On the View Usage Details page, filter by Time Period, Commodity Name, Billable Item, Billable Item, and Time Unit. Click Export CSV to export usage data. Billing details.

For example, to view the traffic usage of an ECS instance, select ECS - Pay-As-You-Go for Product name, Outbound traffic for Billable item, Public traffic for Metering specification (the specification name is ECS_FLOW), and Hour for Metering granularity.

Note
Usage details show raw resource consumption, which differs from billable usage in billing details. These results are for reference only and cannot be used for reconciliation.

Others

How do I install the cGPU service?

Install the cGPU service through the Docker runtime in ACK. This is the recommended method for both enterprise users and individual users who have completed identity verification. Manage the shared GPU scheduling component.

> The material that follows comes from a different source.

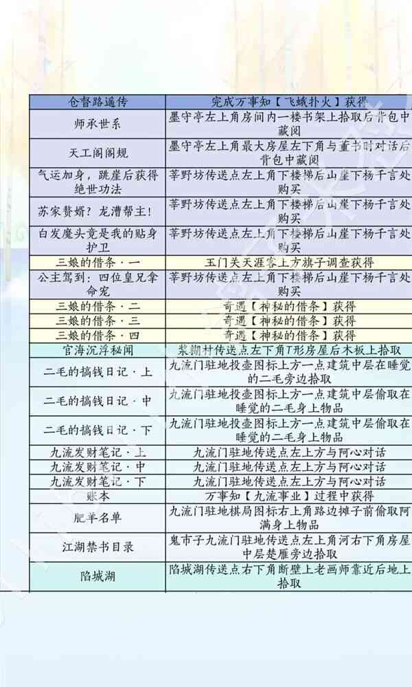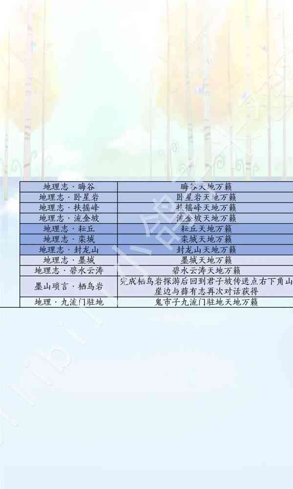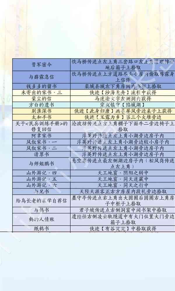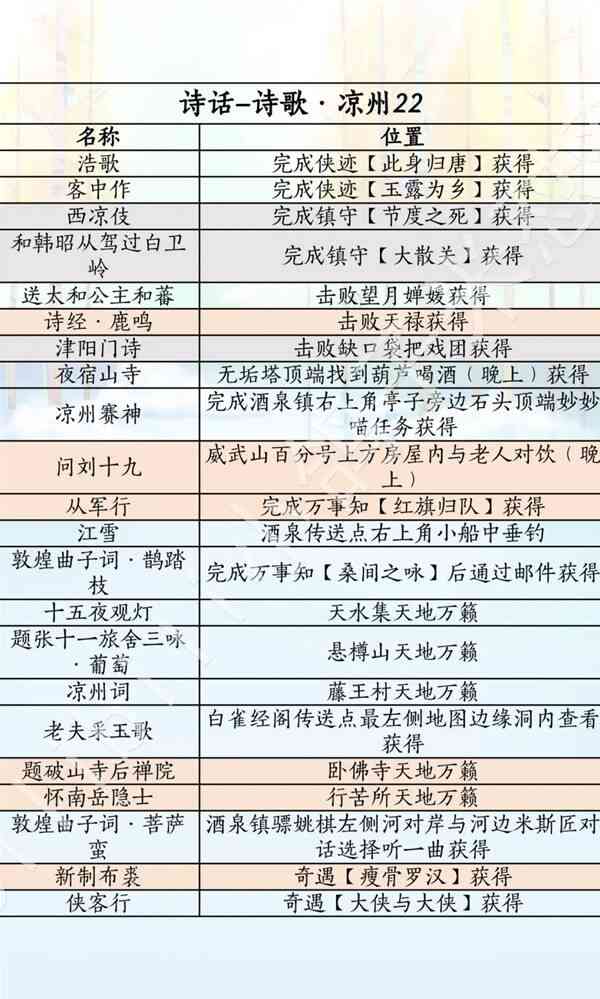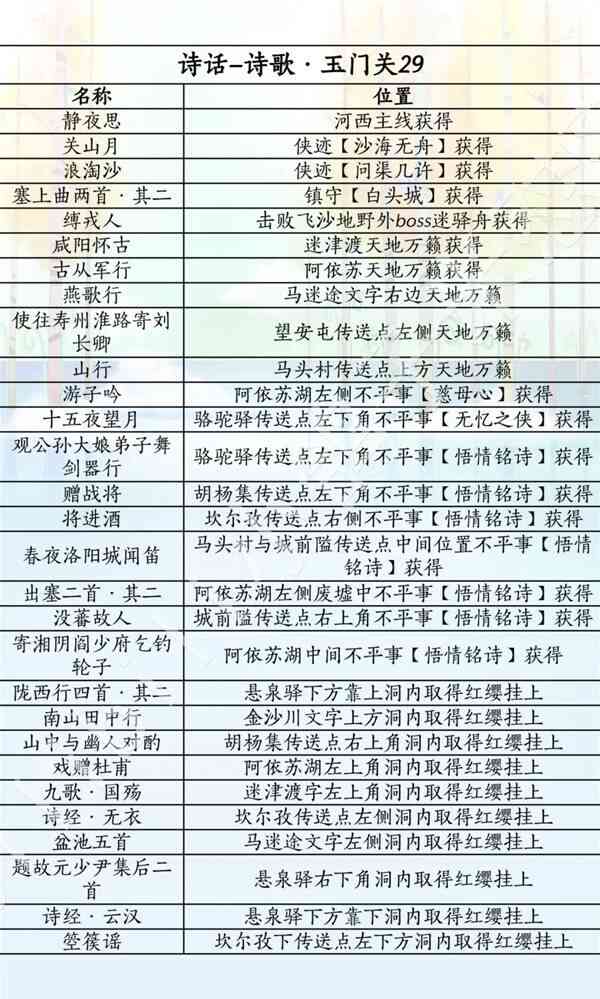 燕云十六声滹沱版本诗话获取攻略(lue)淡黄色-河西或玉门关,橙黄色-凉州,灰色-不见山,粉色-开封(后(hou)续(xu)增加(Increase)内容(content)),金色-家业或傢圎,青色-秦川,浅蓝色-不见山,深蓝色-天陉或飞天城,深深蓝色-滹沱

The nvidia-smi -r command hangs after you install the cGPU service

Symptoms: When the cGPU service is loaded (verify with lsmod | grep cgpu), the nvidia-smi -r command hangs when resetting the GPU. An error also appears in the dmesg log.
```
[527717.881425] NVRM: Attempting to remove device 0000:08:00.0 with non-zero usage count!
```
Cause: The cGPU component is still using the GPU device. This blocks the hardware reset operation.
Solution:
1. Uninstall cGPU: Uninstall the cGPU component. After the uninstallation, the nvidia-smi -r command resumes and returns a result.
2. Restart the instance: If the issue persists after the uninstallation, restart the instance from the console. Running the reboot command inside the instance is not effective.
Important
Do not reset the GPU by running commands such as nvidia-smi -r, detaching the device, or reinstalling the driver when the cGPU service is loaded. Always uninstall the cGPU service first to prevent failures.